I’m easily distracted by lip gloss. Last night I was in Wal-mart. I was there for TWO things. Unfortunately, one of the items I needed was located near the beauty aisle. Me walking through the beauty aisle is akin to someone on Atkin’s walking through Krispy Kreme. It is pure unadulterated TORTURE. My eyes dart to and fro from one shiny package of flavored balm to the next until my bottom lip begins to twitch at the thought of the Mocha Freeze roll on. I basically had to run by the make-up aisle. I somehow managed to ignore the call of the Chocolate Strawberry Lip Sparklers and got to my destination. However, on my way out of the store I noticed some inconsiderate schmuck left a set of NYC Strawberry glosses (one clear, one red with sparkles, packaged together for my convenience…or torment) in the book aisle. Jerk!!!! I literally had to TALK myself out of buying them. If the guys in the security booth could see me they were probably calling in backup. “Looney on Aisle 5. I say again, Looney on Aisle 5.”

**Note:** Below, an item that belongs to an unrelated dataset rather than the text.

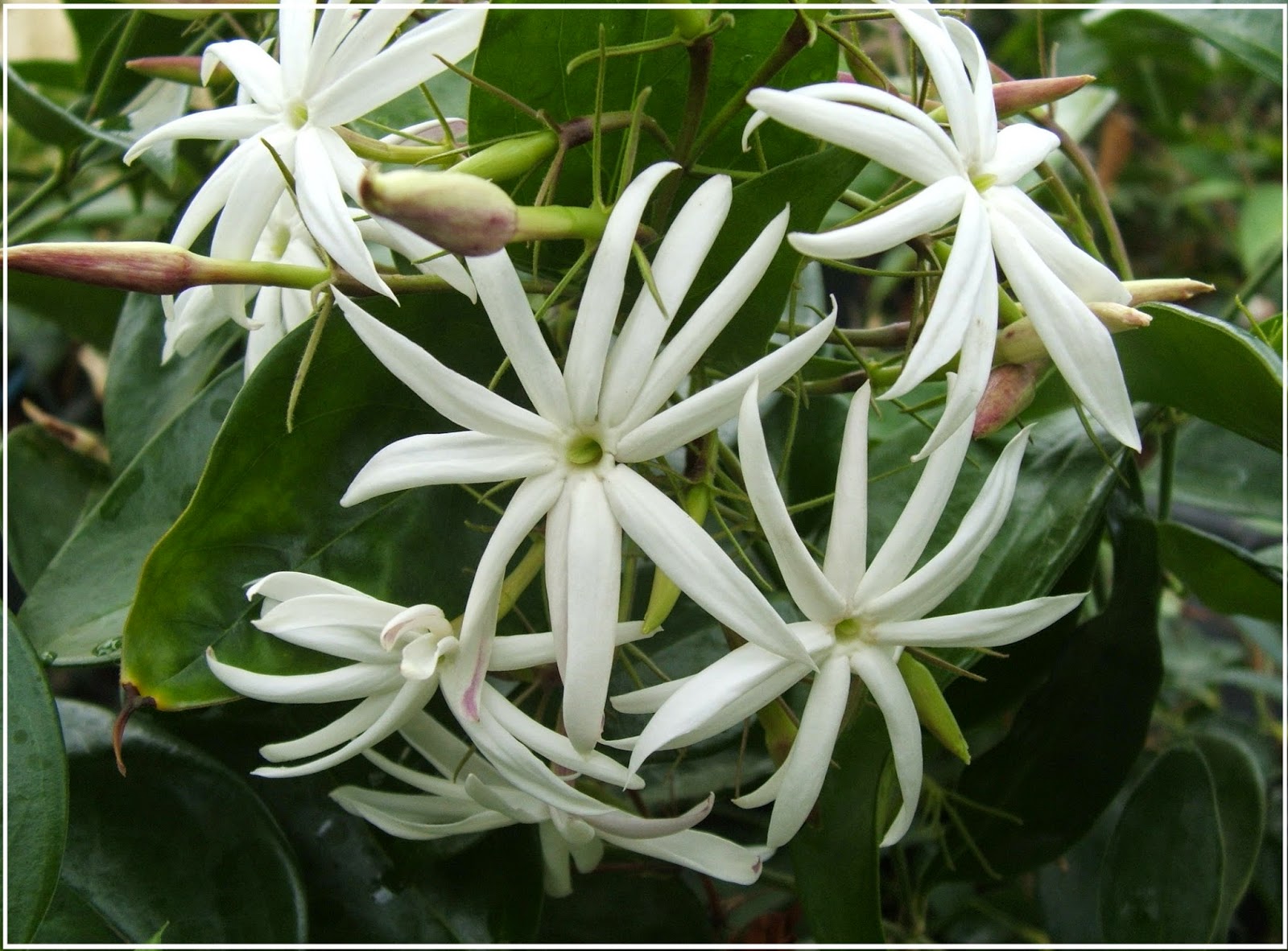 Jasmine is the finest or multi-flowered - the plant is an evergreen shrub or pubescent liana native to the northern region of Kalimantan. On thin shoots, lanceolate-oval simple leaves grow, which in length reach 3.5 cm... At the base, the leaves are heart-shaped, and at the top they are pointed. It blooms from January to March with large, white, fragrant flowers.

And there are so many choices. I saw Reese’s lip gloss the other day and almost had to be carried out of the store. No one’s lips should taste like Reese’s…EVER. And some of these glosses are just wrong. My personal favorite is Strawberry Candy Kisses. It is dangerous. Danger I tell you. It tastes like it smells. Strawberry Candy on your lips is probably not a good idea. It should never be used in confined spaces with boys. I was at a dinner party with a guy that I was dating and I noticed that my lips were getting a bit chapped. Innocently, I took out my gloss to moisturize. (I know, I know, bad table etiquette. But my lips were dry. What was I supposed to do?) Anyway, I have never in my life seen someone’s head whip around so quickly. It’s a miracle he didn’t get whiplash. Apparently, guys are intrigued by smell.

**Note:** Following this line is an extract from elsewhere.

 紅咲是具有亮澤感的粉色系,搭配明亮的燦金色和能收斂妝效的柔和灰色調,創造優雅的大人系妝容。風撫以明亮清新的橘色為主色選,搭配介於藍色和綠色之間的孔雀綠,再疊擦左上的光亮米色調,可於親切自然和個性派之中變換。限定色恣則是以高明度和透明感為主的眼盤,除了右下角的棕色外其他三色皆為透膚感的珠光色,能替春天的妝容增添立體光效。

Some might argue that I have a problem . Granted, I do spend a significant amount of money on balm. And I do, in fact, apply often. So what?!? I have a tendency to chew on my bottom lip when I’m deep in thought. Thoughts run deeper when enhanced by the taste of Cherries Jubilee. But my...umm...adoration of all things gloss has not gone unnoticed. MAC has a new line of glosses that have flavors like Chocolate Mocha Freeze and New York Cheesecake or something equally deviant. Toya brought one home the other day and I was like a little kid in a candy store. Remember when Gollum finally got hold of “The Ring” in the final Lord of the Rings movie? That’s how it was for me. I just held “the precious” in my hands and stared at it. I put some on and I guess the look in my eyes disturbed Toya because she said, “I’m going to need that back…Tia, I’m going to need to get that back from you.” If memory serves, she had to snatch it from me. The stuff tasted like Caramel and Chocolate…just all around goodness. It is sinful. Later Toya said, “I had better not catch you spreading this on toast.” Okay, I’m weird but I’m not deranged. The day you catch me using lip gloss on anything other than lips you have my permission to have me committed.
There are help groups for people with lip gloss addictions. (Depending in when you’re reading this, there may be a link available.) I took the quiz and answered yes to a couple of the questions. According to them I should seek help. For my lip gloss “addiction” that is. Addiction is such a tricky word. Mine is more of an “admiration.” I appreciate that gloss can do so much for my lips. A product that not only moisturizes, but adds color, shine AND flavor can’t be all bad. Besides, it’s not like I sit in the dark applying and re-applying. I was once late to a non-work related meeting because I didn’t have any gloss on me so I had to stop and buy more. But that was only because I could feel my lips were getting chapped and it was wintertime. And I don’t share my gloss, nor do I borrow other people’s. Mouth germs are so serious. (There are exceptions to the rule but that’s beside the point.) Rather than suffer through what I knew would be a 2-hour meeting in pain and cracked-lipped agony, I opted to stop and purchase a mini-pot of Cotton Candy lip balm. Okay so maybe I should talk to someone…
I’m still a functioning member of society so I’m not all that worried. Yes, I hardly ever have dry lips. Yes, I apply at night before bed. Yes, I’ve spent more than $20 at one time on lip products. Yes, I own stock in Bonnie Bell. Okay that’s not true but you get my point. So I’m a teeny bit fanatical about lip care. It doesn’t mean I have a problem. It just means I love my shiny, frost-colored, vanilla flavored lips. Now if you will excuse me, it’s time for me to reapply.